Now let's get to something a bit more fun than Big-O and algorithm analysis from now on we'll be mentioning the amortized time next to any crucial algorithms or methods. Sorting is used for all sorts of things! As you may well know, computers can collect way more information than we can process in our life times, so if we can programmatically sort out what we want, we'll be able to find what we really want. Google's PageRank is essentially a huge sorting algorithm that helps us find cat pictures, among other things.

Simple sorts

Starting out with the most basic types of sorting methods, we have Selection and Insertion sorts. Two algorithms which I most often confuse because they're so similar! Selection sort essentially starts at the beginning and searches the rest of the list for the smallest number then "selects" it. After it finds what it's looking for it moves to the next number, essentially making a bubble of sorted numbers, cool right?

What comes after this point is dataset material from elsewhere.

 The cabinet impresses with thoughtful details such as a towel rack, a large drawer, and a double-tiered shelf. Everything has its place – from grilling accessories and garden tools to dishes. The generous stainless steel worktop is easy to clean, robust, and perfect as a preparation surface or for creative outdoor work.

Insertion sort works in a similar way, in that it saves its place in the array. However, insertion sort swaps the current item down the list until it the current item is bigger than the item to its left.

Recursive sorts using Divide and Conquer

Unfortunately these simple sorts, while being easy to conceptualize, have a generally terrible average O() time of O(n^2). Let's try tackling a more complex method, such as Mergesort! It takes advantage of a helper function called Merge which, given two already sorted lists of items, sorts them into a larger list of sorted items. Using recursion with this Merge function creates Mergesort. It's running time complexity is O(n log(n)), which isn't the best but it is a guaranteed running time!

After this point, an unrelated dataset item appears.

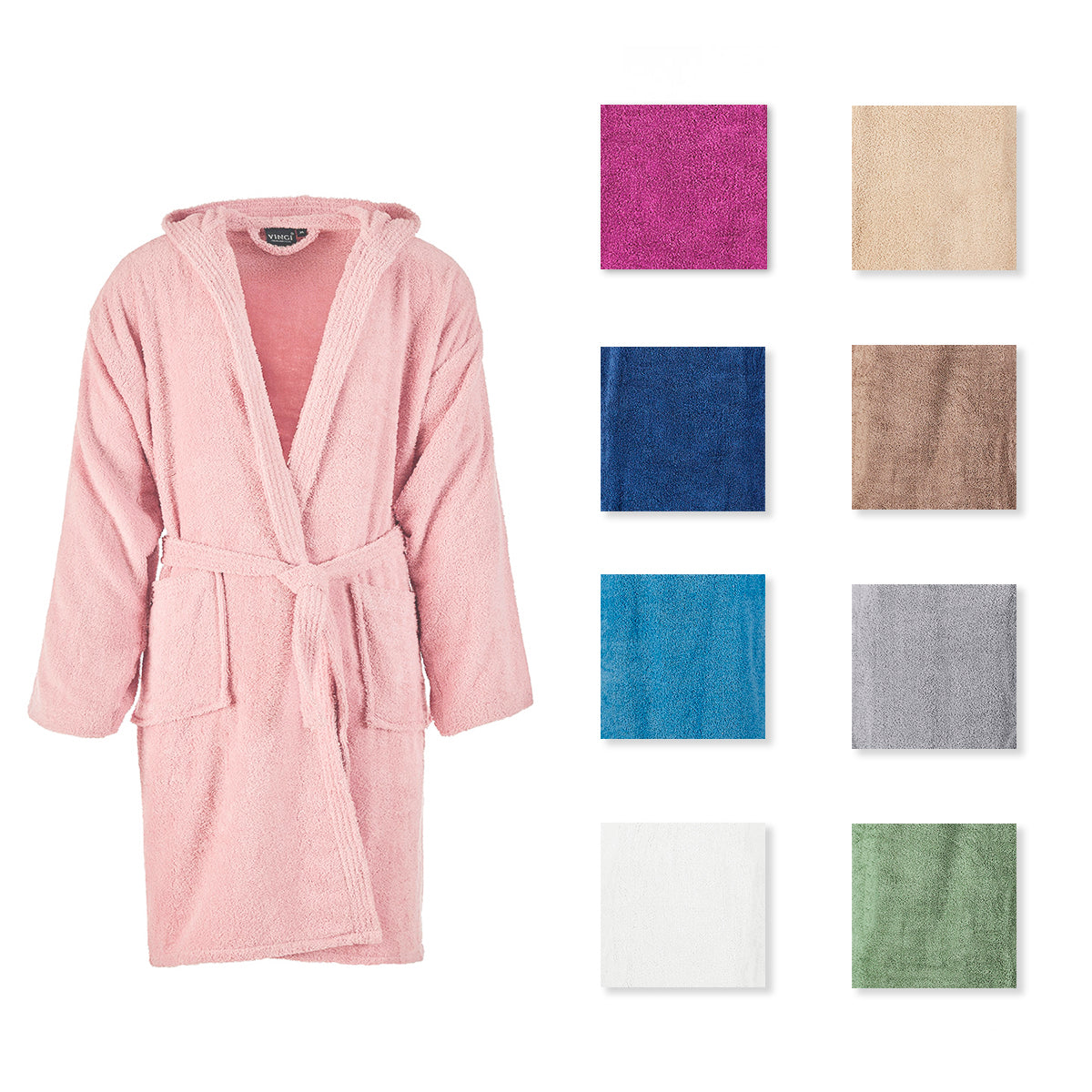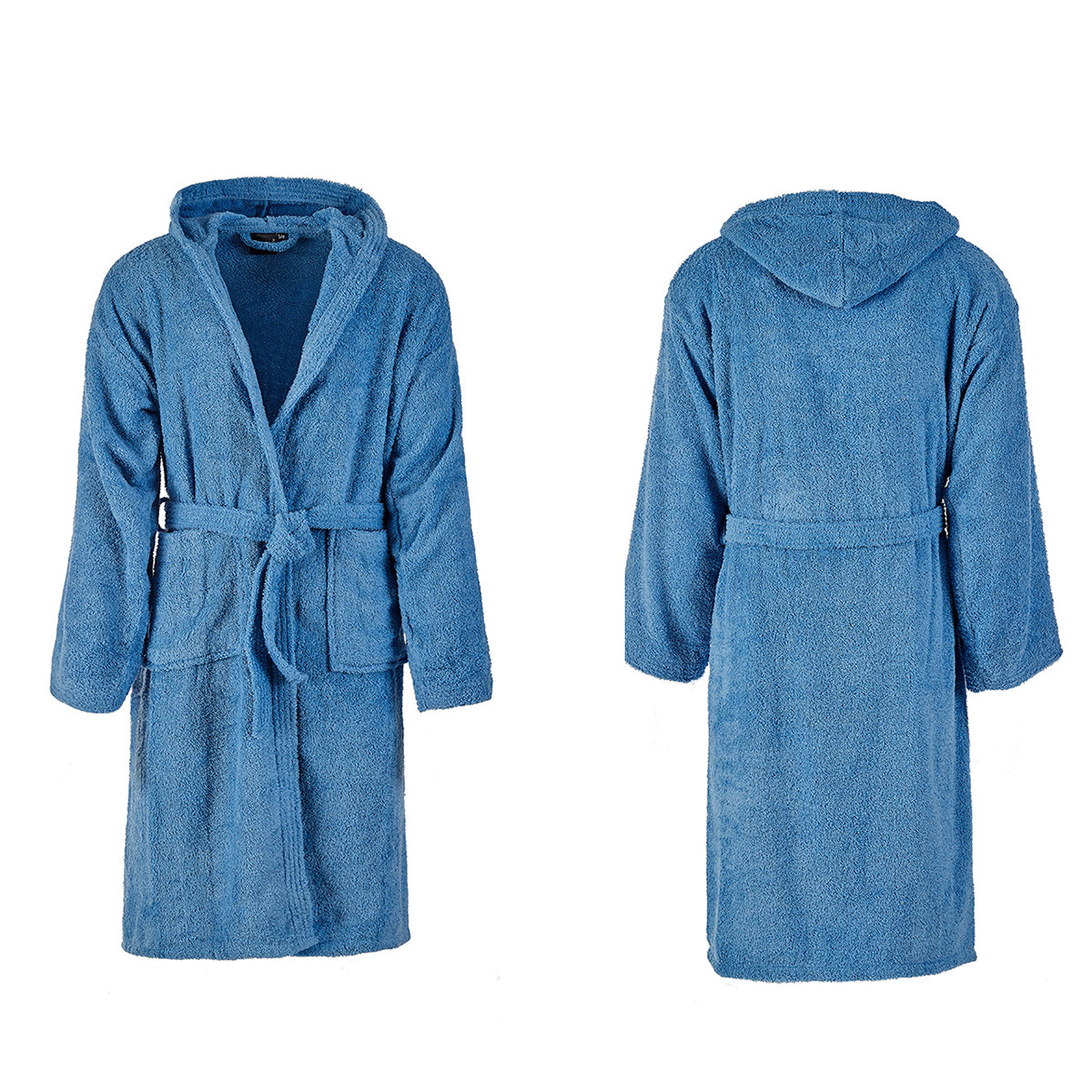 Accappatoio in spugna 100% cotone tinta unita con cappuccio, tasche laterali e cintura.

If you're familiar with a Binary search, which uses a divide and conquer algorithm. Quicksort will be a breeze! With an average run time of O(n log(n)) it's a pretty good one. Essentially, Quicksort picks a central value (determined various ways) to pivot values around. This pivot function is similar to Merge, except it separates all values less than the pivot into the "left" list and all greater than into a "right" list. Done recursively, Quicksort pivots the entire list then pivots sublists by halving the original list.

That's pretty much it for sorting. We'll cover heapsort after trees have been covered! Protip: sorting is a traditionally difficult thing for students to wrap their head around (I know it was for me). In order to become proficient, don't just write out the algorithms, work them out on a white board and see how they move data around.